My disdain for math is, essentially, why I became a communications major. It was the least likely major I knew of to have required math classes.

So when I found out I had to take an honors calculus class, I panicked. I scheduled a meeting with my advisor to very clearly explain to him that I was a smart kid, but I wasn't that smart. I would never pass an honors calculus class. Ever.

He smiled. He assured me that, not only would I pass, but I would likely get an A. He explained there were two honors tracks for the calculus course. One for math majors and one for non-math majors. I wasn't convinced. I pleaded my case some more, but it fell on deaf ears. He told me to give it a week and if I was still worried, maybe I should reconsider my place in the program. Hater.

So I reluctantly went to my first honors calculus class. Honestly, almost everyone else in my class looked as terrified as I did. I don't remember much of that first day, but I remember the professor saying, "I know many of you are concerned about how well you will do in my class. I can assure you - if you walk out of here with less than an A, I have not done my job."
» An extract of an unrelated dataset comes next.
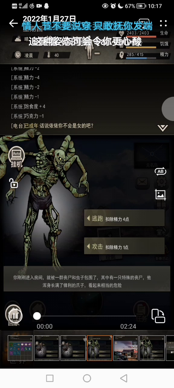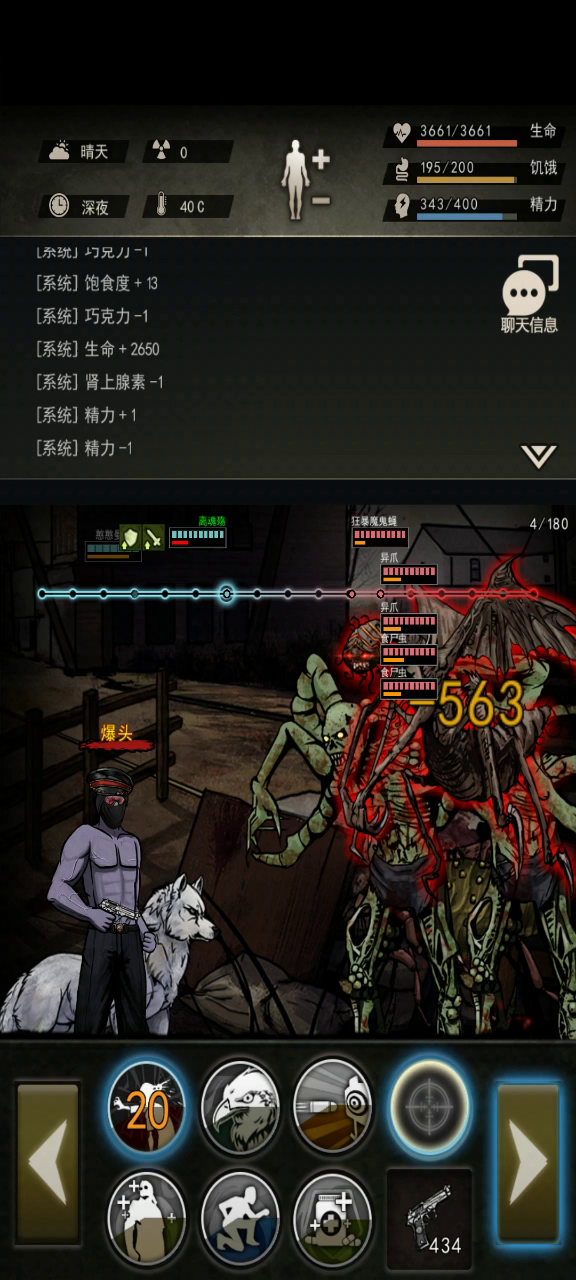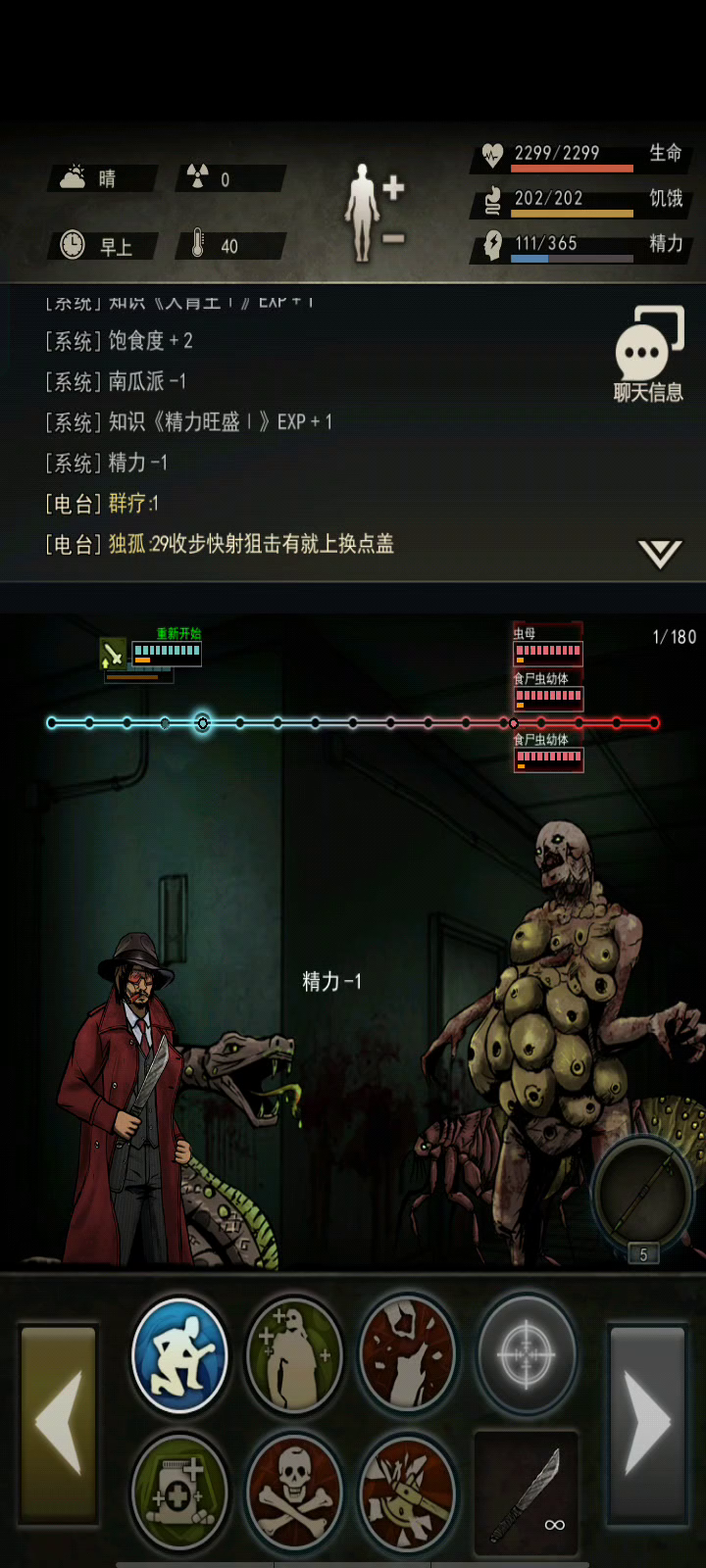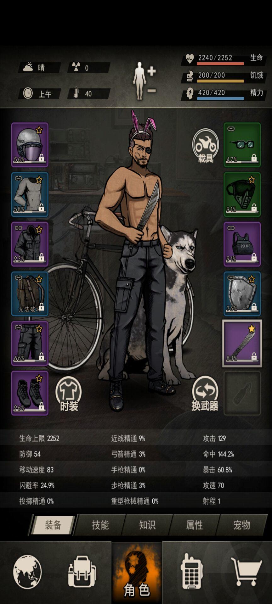 前面几次伤害不够,后面听取大佬意见,后撤换了破甲就过了。属性不吃药,血2138。攻100开山。防御48,精通6,技能两刀8,精8,闪7,高5,医学9。 丧尸猎人4级,不知道用处大不大。

Turns out? I don't think I ever solved a single equation. The class was less about the numbers and more about the process. Why did calculus exist? What did it teach us? How could we apply the equations in our every day world? Yep. It was a writing class. We wrote essay upon essay about calculus. Plugging in equations when necessary to prove our point, but never really needing to solve for an answer. My crowning glory? An eight page paper on discontinuities.

I give you this background information for two reasons. One: I was damn proud of that eight page paper. Two: it goes to the point of this post.

There are a lot of things about being a parent that you can't fully appreciate until you are, in fact, a parent. Lately, one of those things has become exponentially apparent (no pun intended). There is an amazing, overwhelming feeling you experience when you witness those you love - be it friends or family - loving your children. When Lindsey is quick to snuggle into the arms of a dear friend without hesitation, it's magic. When Ryan battles his Poppy on the floor in an epic pillow fight, it's enchanting. Even in passing, when people talk of our kids with a sense of pride and love that I thought only we, as their parents, could have, it's breathtaking. More precisely? It's love, squared.

Or, as my honors calculus professor would prefer: Love2

Sunday, September 4, 2011

From a cub to a lion

Last year, Nate took Ryan to his very first Penn State game. They drove up and back (over 6 hours round trip) in one day and made it through half a game. That might sound like madness to some, but it was completely normal and natural for Nate. State College was his home for many years. And though he hates admitting he's an alumni now, he proudly talks of the many antics he got into when he was still labeled a student.

It will be many years before Ryan hears even a portion of those stories. In the meantime, though, he'll experience the magic of Beaver Stadium. Which apparently is a little overwhelming when you're two.


That was the face he made the entire time they were there. I call it - stunned silence.

Fast forward a year and things are much different. They once again made they trek up and back in one day, but this time managed to stick out for three quarters. Ryan, who not only can bust out the WE ARE PENN STATE chant as good as the next guy, also knows how to spell Penn State, knows exactly who JoePa is and was ready to get his game on without hesitation.



It was hot that day. People-passing-out-from-heat-exhaustion hot. But our little lion clapped, cheered and chanted, which made his daddy proud and the exhausting trip worth every mile.